Use in the Elderly: There were 347 subjects in clinical studies of levetiracetam that were 65 years old and over. No overall differences in safety were observed between these subjects and younger subjects. There were insufficient numbers of elderly subjects in controlled trials of epilepsy to adequately assess the effectiveness of Levetiracetam in these patients.
Levetiracetam is known to be substantially excreted by the kidney, and the risk of adverse reactions to this drug may be greater in patients with impaired renal function. Because elderly patients are more likely to have decreased renal function, care should be taken in dose selection, and it may be useful to monitor renal function (see Pharmacology: Pharmacokinetics under Actions).

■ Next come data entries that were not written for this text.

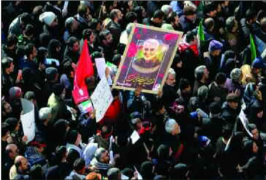
■ Obsèques du Général Qassem Soleimani à Téhéran.

L'ambassade d'Arabie saoudite à Washington a averti que toute modification du Plan global d'action conjoint (PGAC) mettrait en danger la région du Moyen-Orient dans son ensemble, a écrit Arab News. L'ambassade a déclaré que le compte Twitter de ArabiaNow a été piraté et que les pirates s'en étaient servis pour publier de fausses informations au nom du
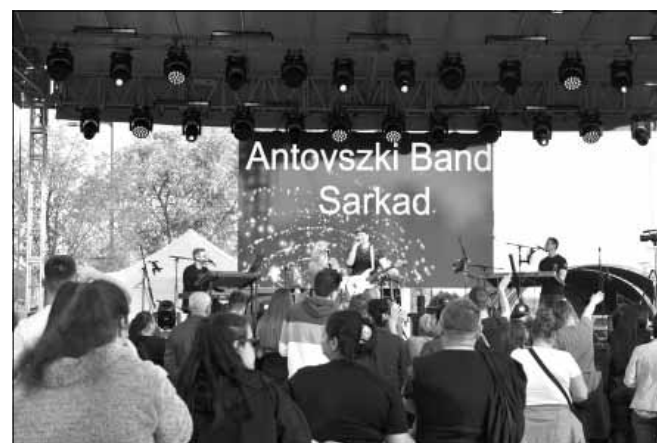
Antovszki Band Sarkad.
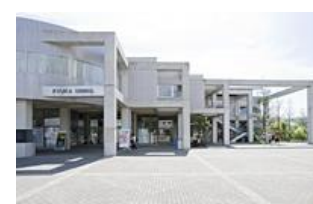
RYUKA DINING (レストラン) (16)
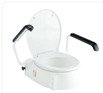
Toilettensitzerhöhung mit Armlehnen; höhenverstellbar
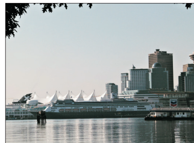
「溫哥華地標」 加拿大廣場

位於加拿大西部沿岸地區，是加拿大第三大城市。溫哥華氣候溫和，擁有多個得天獨厚、壯麗的自然美景，使它能成為享樂主義者的樂園，曾多次被聯合國及其他組織評為「世界最適宜居住城市」之一，亦是著名的旅遊度假勝地。
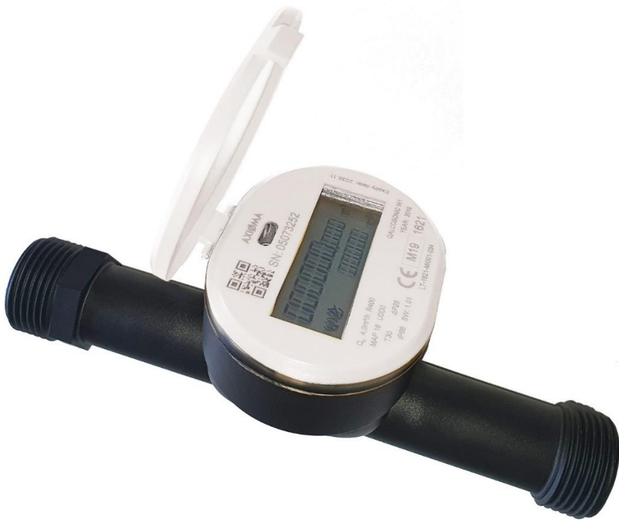
Bild1: Ultraschallwasserzähler Qalcosonic W1 mit wMBus und LoRaWAN zur gleichzeitigen Nutzung
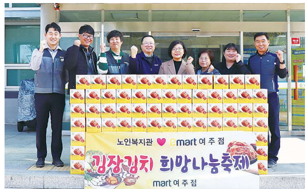
이마트 여주점과 함께하는 김장김치 희망나눔축제 (11.9)
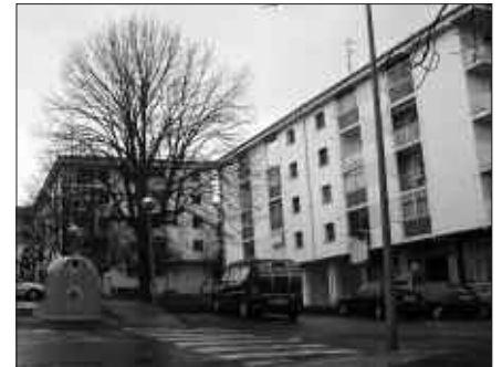
URTEA AMAITZERAKO OLARRIONDOK ERABERRITUTA EGON BEHAR LUKE.

Gehiengo osoz onartu du udalbatzak Olarriondo berrurbanizatzeko obretarako proiektua. EAko udal ordezkariak soilik jo zuten abstentziora bozkatzeko unean, pasa den martxoaren 16ko ezohiko osoko bilkuran. Emaizta berarekin, gehiengo osoz, onartu ziren aipatu eremuko obren esleipena eta lizitaziorako oinarri gisa erabiliko diren baldintza juridiko, ekonomiko, tekniko eta administratiboak. Gipuzkoako
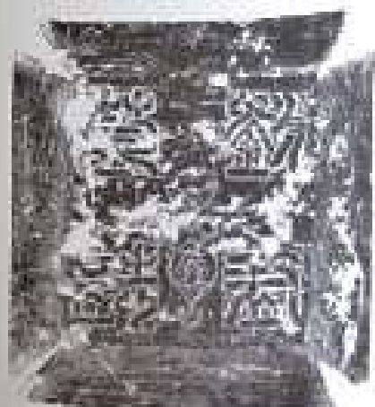
(一七) 大正改題重刊墓誌銘并序(并圖)
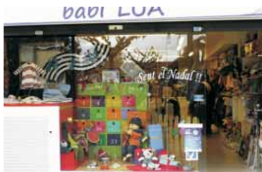
Babi Lua, premiat al concurs d'aparadors
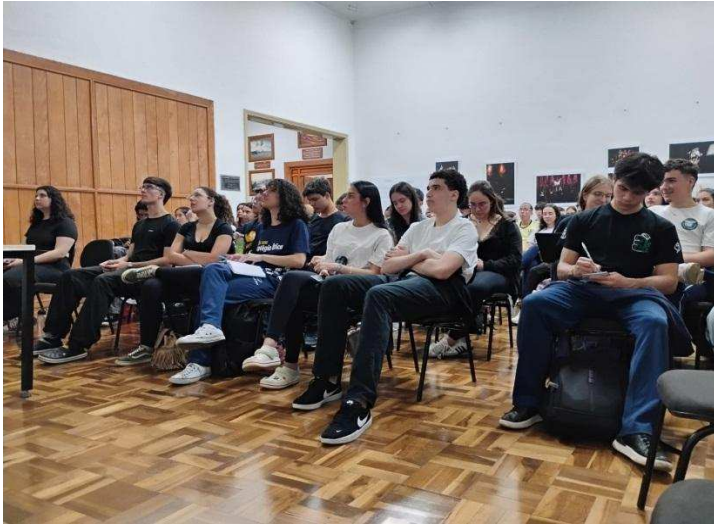
Literatura na Biblioteca – 18/08/2025
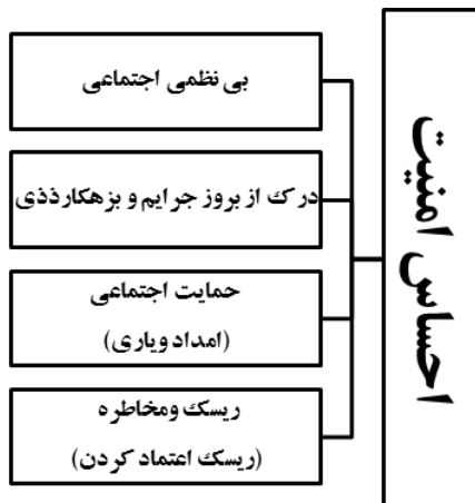
نمودار شماره ۱: الگوی تحلیلی عوامل تأثیرگذار بر احساس امنیت

در الگوی تحلیلی حاضر بر رابطه یک سوبه میان متغیرها تأکید شده است. با وجود این، رویکردهای نظری مورد بررسی، غالباً به رابطه دوسویه و متقابل متغیرها توجه می‌کنند. چنان که برخی نظریه‌ها بر این نکته تأکید می‌کنند که بی‌نظمی اجتماعی می‌تواند ریسک و مخاطره (ریسک اعتماد کردن) را ایجاد کند و ریسک و مخاطره نیز سبب احساس ناامنی و ترس می‌شود. هم‌چنین احساس ناامنی و ترس نیز به نوبه خود می‌تواند موجب کناره‌گیری افراد از فعالیت‌های اجتماعی، به خصوص زنان و محدودشدن ارتباطات آن‌ها و تضعیف کنترل اجتماعی غیررسمی شود و زمینه مناسبی را برای بی‌نظمی اجتماعی فراهم سازد. در واقع چرخه‌ای معیوب میان بی‌نظمی اجتماعی، ریسک و مخاطره و احساس ناامنی و ترس وجود دارد که می‌تواند یکدیگر را تولید و بازتولید نمایند.
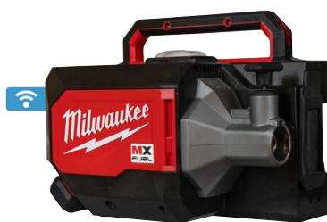
Aiguille vibrante MXF CVBC
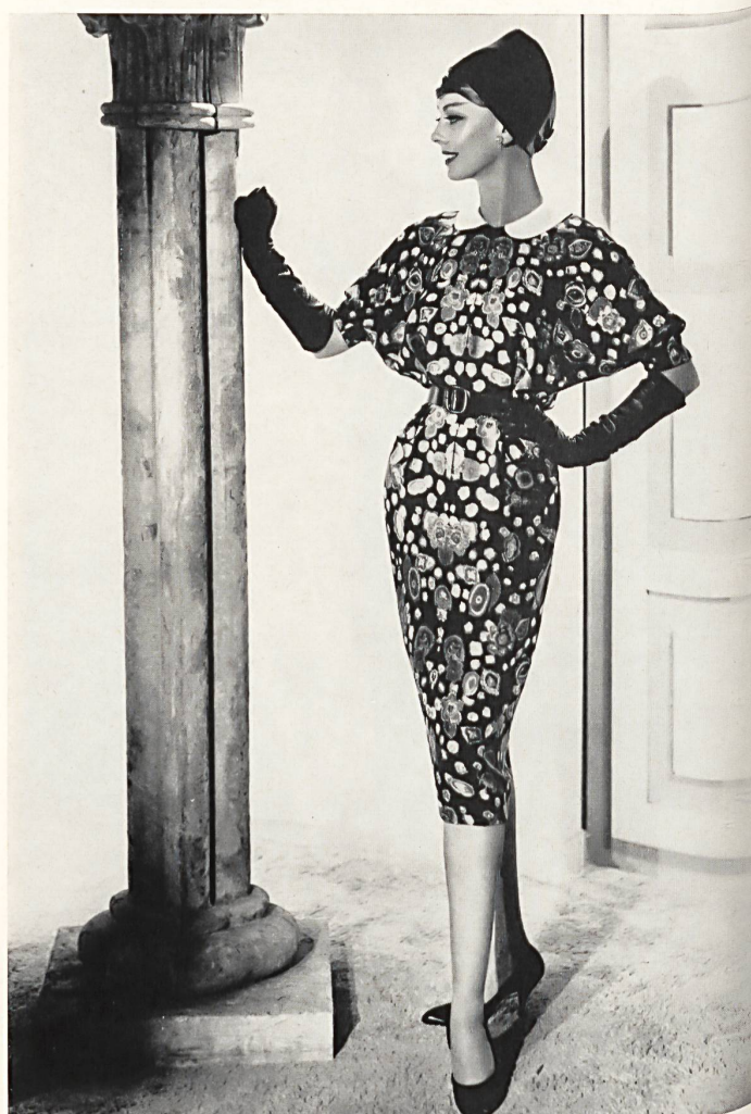
RUDOLF BRAUCHBAR & CIE, ZURICH

Pure silk beige plain fabric (coat) Tissu beige uni pure soie couleur ficelle (manteau) Model by Irene Cove, Inc., Culver City (Cal.)
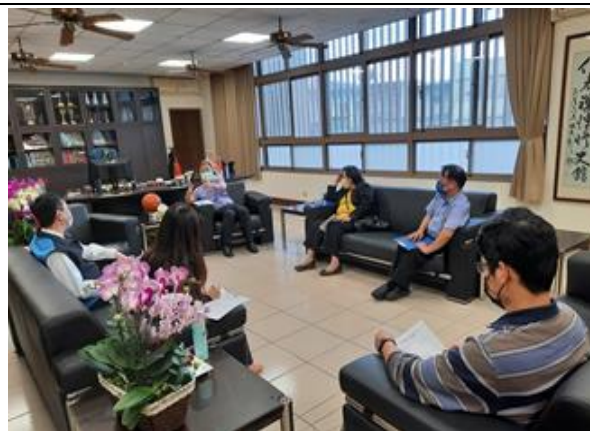
照片說明：跨校多元課程討論

Use in Pregnancy: There are no adequate data from the use of Levetiracetam in pregnant women. Studies in animals have shown reproductive toxicity. The potential risk for human is unknown. Levetiracetam should not be used during pregnancy unless clearly necessary. Discontinuation of antiepileptic treatments may result in exacerbation of the disease, which is harmful to the mother and the fetus.
Labor and Delivery: The effect of Levetiracetam on labor and delivery in humans is unknown.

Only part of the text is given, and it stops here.